What you should do
Give back the whole listing verbatim, printing none of its pictures.

Data extract
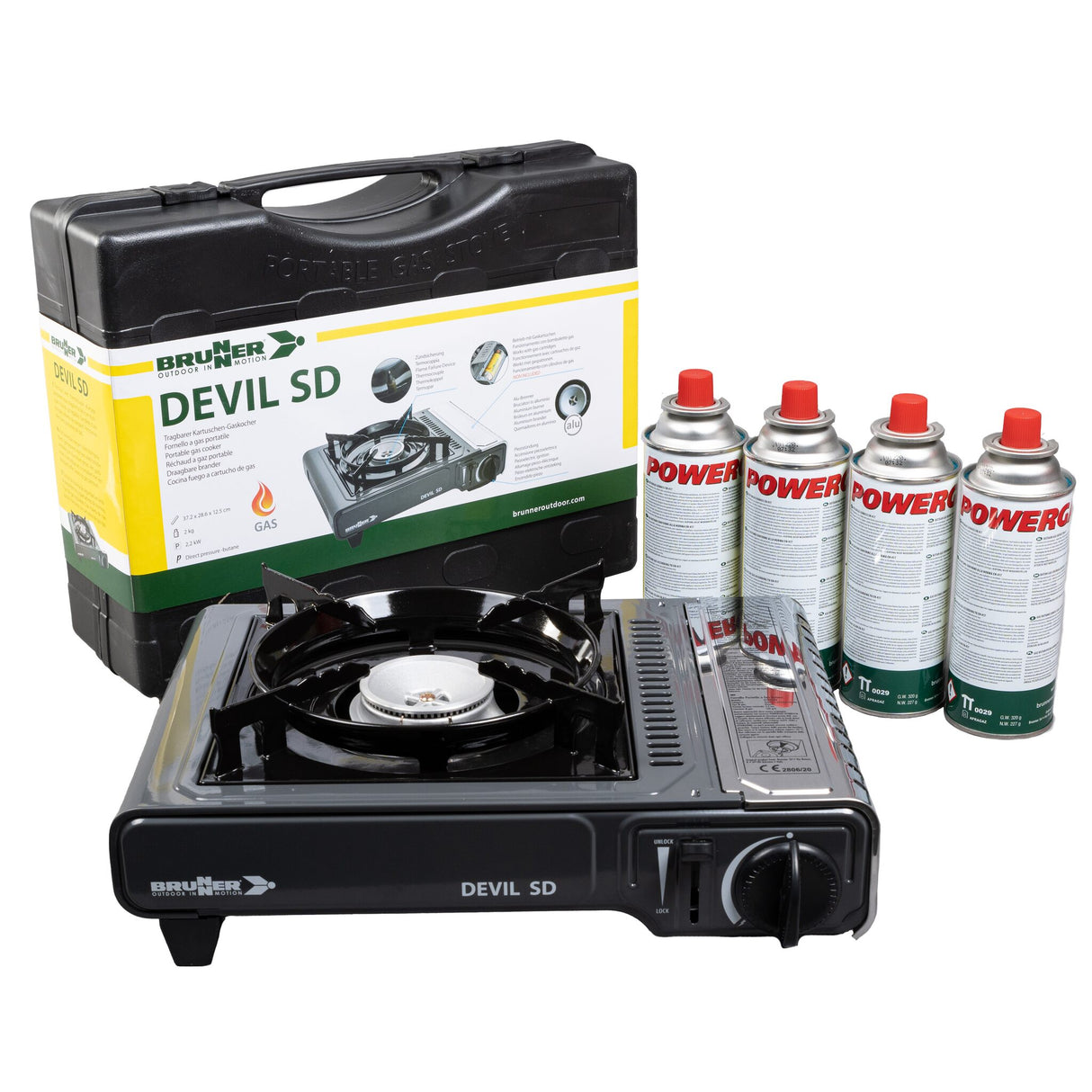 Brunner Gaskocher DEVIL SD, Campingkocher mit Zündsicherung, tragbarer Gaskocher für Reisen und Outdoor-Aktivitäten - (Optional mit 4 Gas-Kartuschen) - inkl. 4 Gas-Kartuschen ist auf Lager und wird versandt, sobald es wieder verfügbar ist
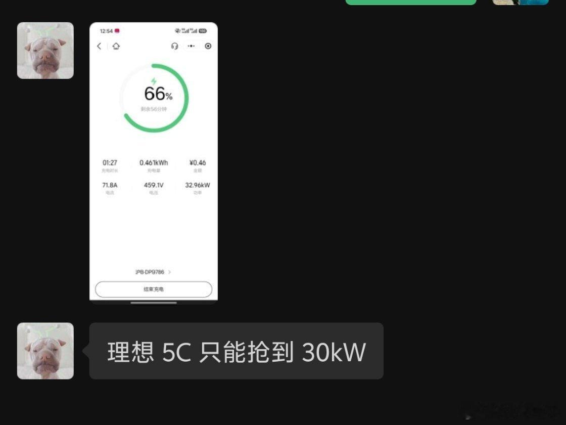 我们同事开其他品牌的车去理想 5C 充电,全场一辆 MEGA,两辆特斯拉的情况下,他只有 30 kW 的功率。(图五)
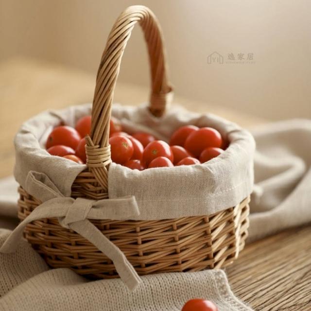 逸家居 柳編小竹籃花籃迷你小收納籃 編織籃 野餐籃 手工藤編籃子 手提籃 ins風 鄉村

Answer box
 Brunner Gaskocher DEVIL SD, Campingkocher mit Zündsicherung, tragbarer Gaskocher für Reisen und Outdoor-Aktivitäten - (Optional mit 4 Gas-Kartuschen) - inkl. 4 Gas-Kartuschen ist auf Lager und wird versandt, sobald es wieder verfügbar ist
 我们同事开其他品牌的车去理想 5C 充电,全场一辆 MEGA,两辆特斯拉的情况下,他只有 30 kW 的功率。(图五)
 逸家居 柳編小竹籃花籃迷你小收納籃 編織籃 野餐籃 手工藤編籃子 手提籃 ins風 鄉村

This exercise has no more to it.